Is 28 too old to start over

SZ reader Julius F. asks:

I am 28 years old and have had a pretty steep career after graduating from a private university in business administration. But I was never sure whether my degree was really the right one. I recently met a friend who spoke enthusiastically about her work as a doctor. The old doubts reappeared promptly. I'm now thinking about quitting my job and studying medicine again. What do you mean?

Madeleine Leitner answers:

Dear Mr. F., the medical profession is considered to be the dream job par excellence. The meaningfulness of the job, the associated social reputation and (depending on the subject) also a certain prosperity speak for the attractiveness of the profession. From an early age, some children don't want to be anything other than doctors. In some medical families, the profession has been so deeply rooted for generations that the question of the subject of study does not even arise seriously for the offspring. It is believed that they follow in the footsteps of their ancestors and also study medicine.

The SZ job coach

Madeleine Leitner is a qualified psychologist and has worked as a therapist in clinics, as a court expert and personnel consultant for large corporations. Today she is an independent career advisor in Munich and Berlin.
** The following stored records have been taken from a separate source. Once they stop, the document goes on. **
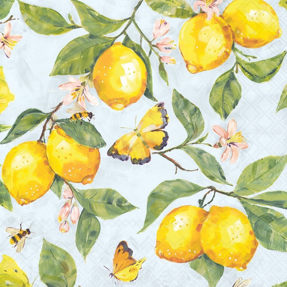 予約商品|12月下旬入荷|2026春夏【Ambiente】バラ売り2枚 ランチサイズ ペーパーナプキン Fresh Lemons ブルー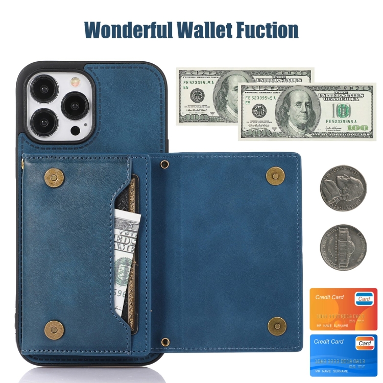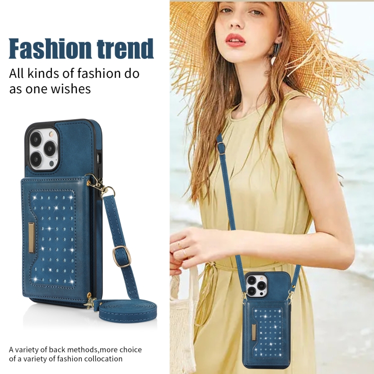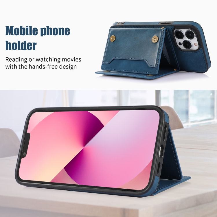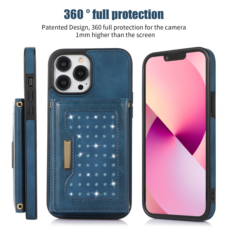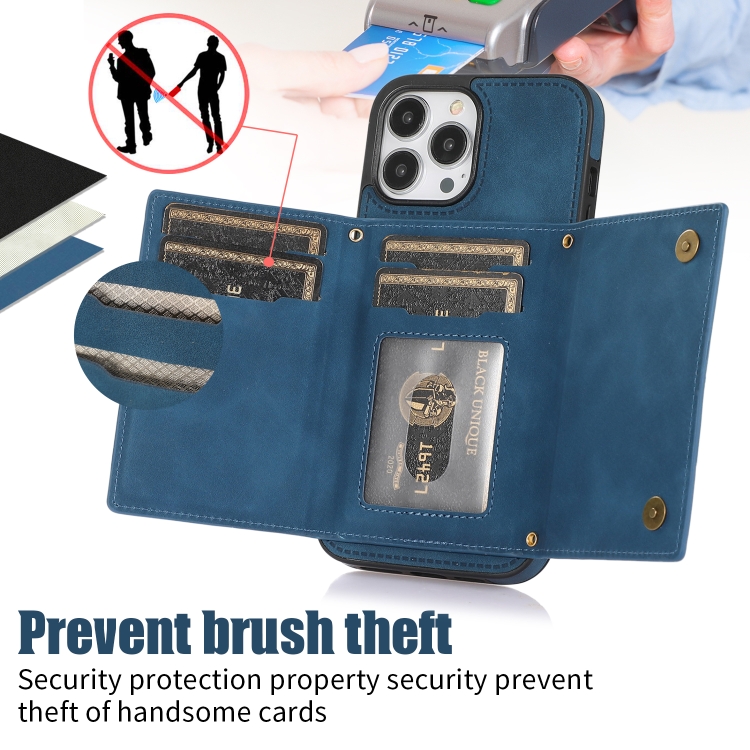 Estuche de Teléfono para iPhone 13 Pro Max Cuero Rfid Tres Pliegues con Cordón (Azul)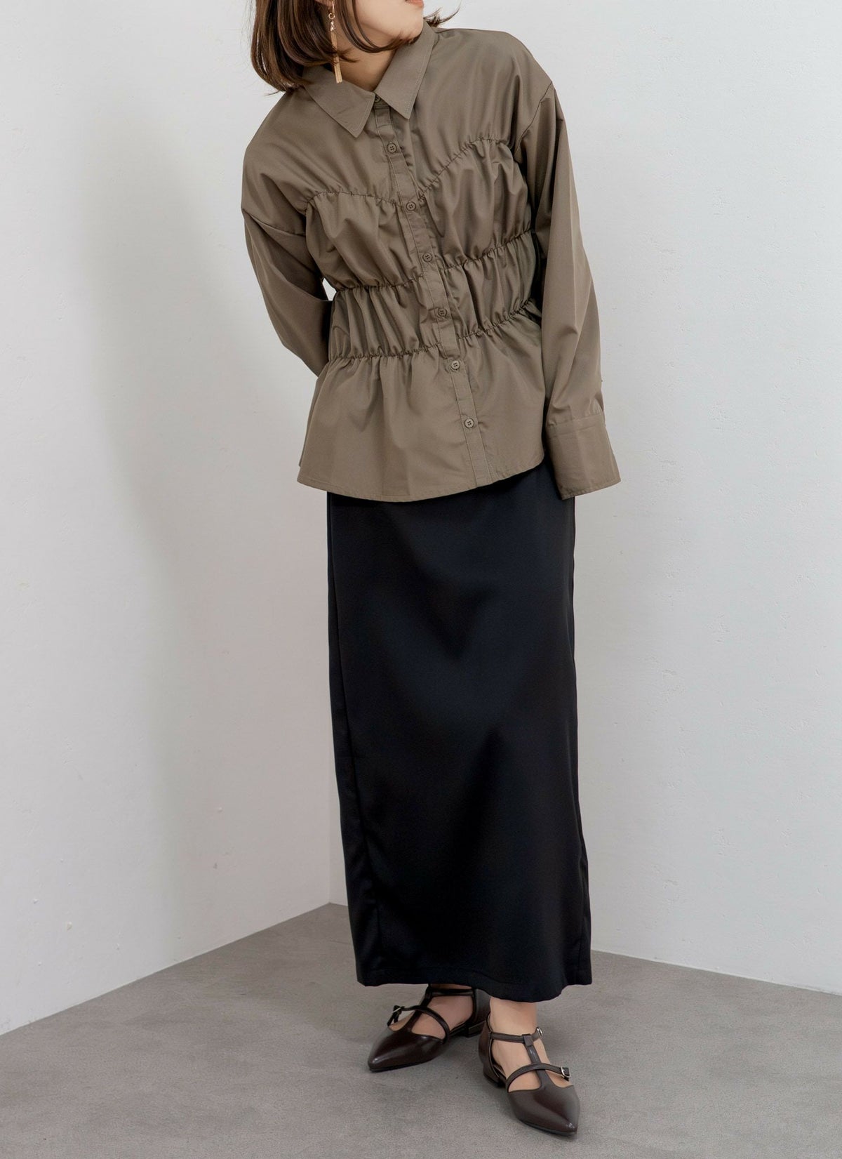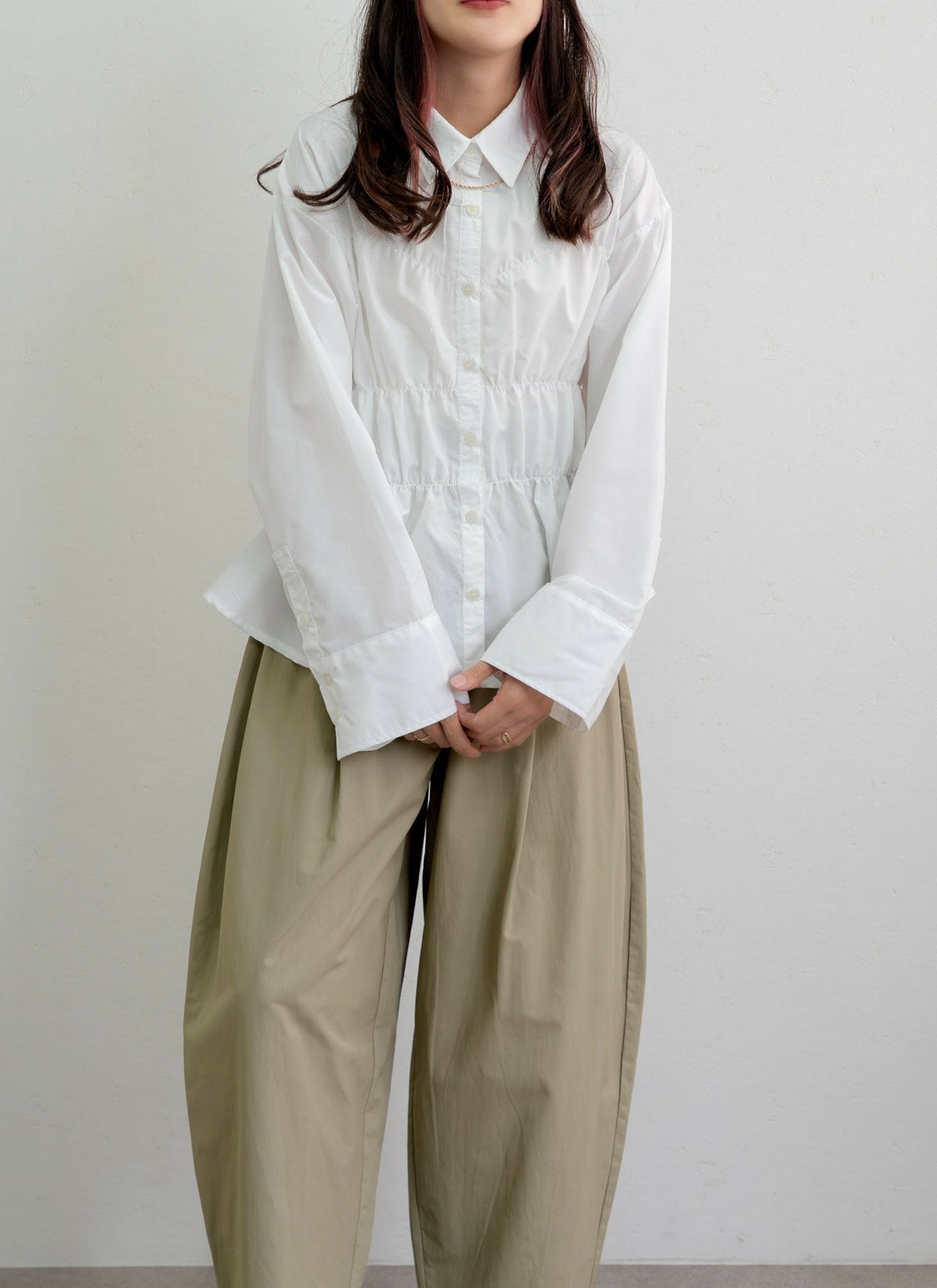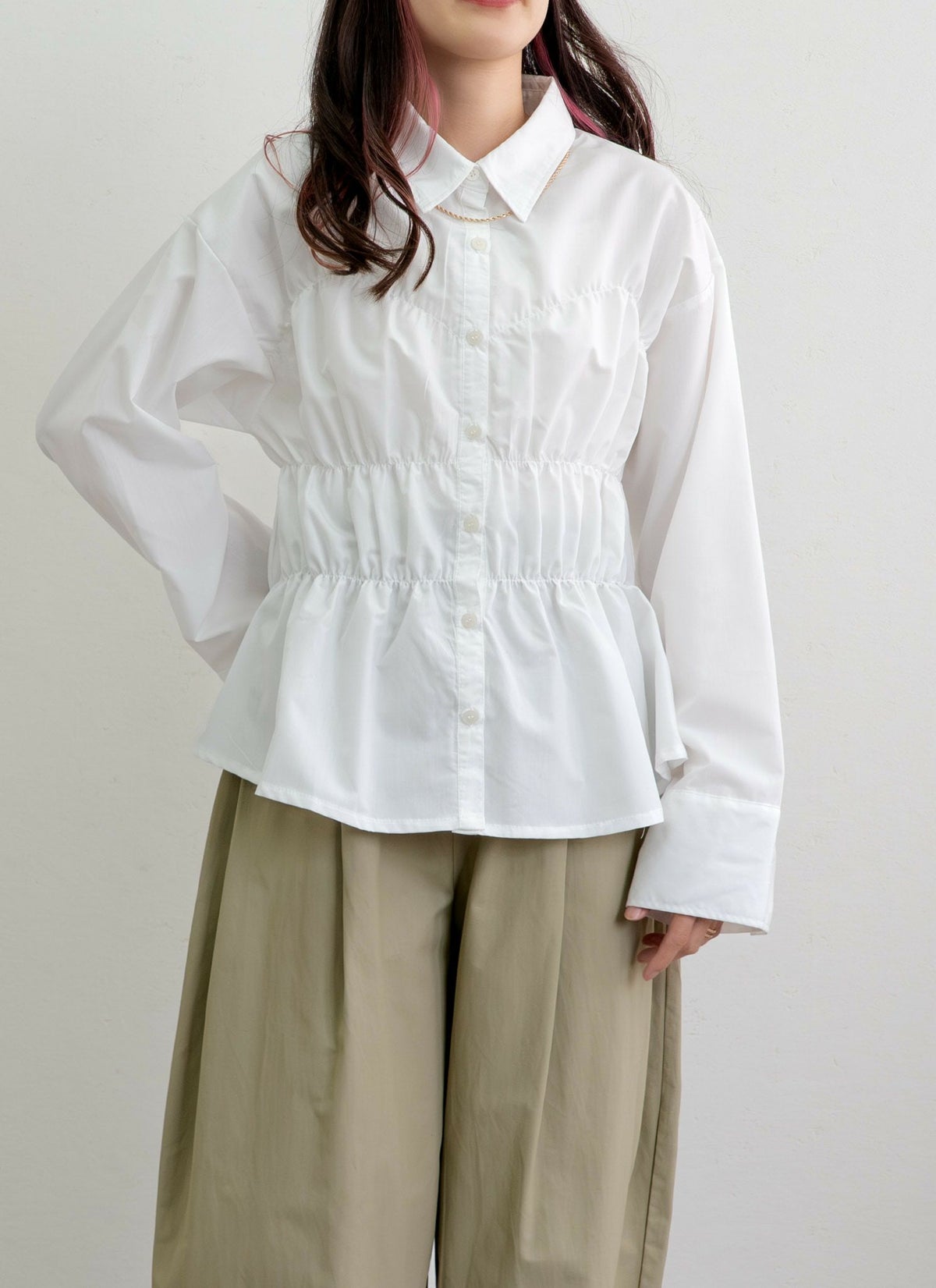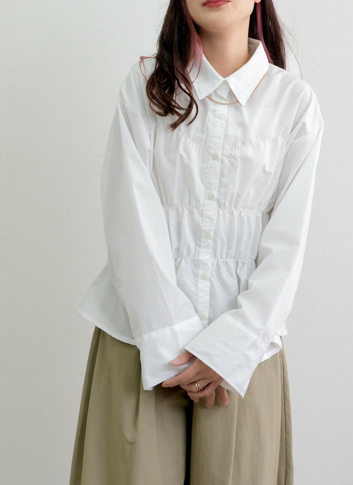 revoam【たっぷりとシャーリングが入った立体的なデザインのシャツ】 【10%OFF】ブロードシャーリングブラウス

But there are also typical obstacles and concerns. Many already fail because of the numerus clausus. Some then try their luck abroad or queue up for a place at university. Some of them need a lot of patience for this: A young man from my circle of friends only got the longed-for university place after eight years of waiting. Many give up or have given up from the outset. There are now doctors who explicitly advise their children not to study medicine. From her point of view, her everyday professional life is anything but rosy. They suffer from increasing economization and bureaucracy, they feel like slaves to the health insurances and complain about fee models that do not do justice to their demands on patient care. Or they groan under the heavy burden of services.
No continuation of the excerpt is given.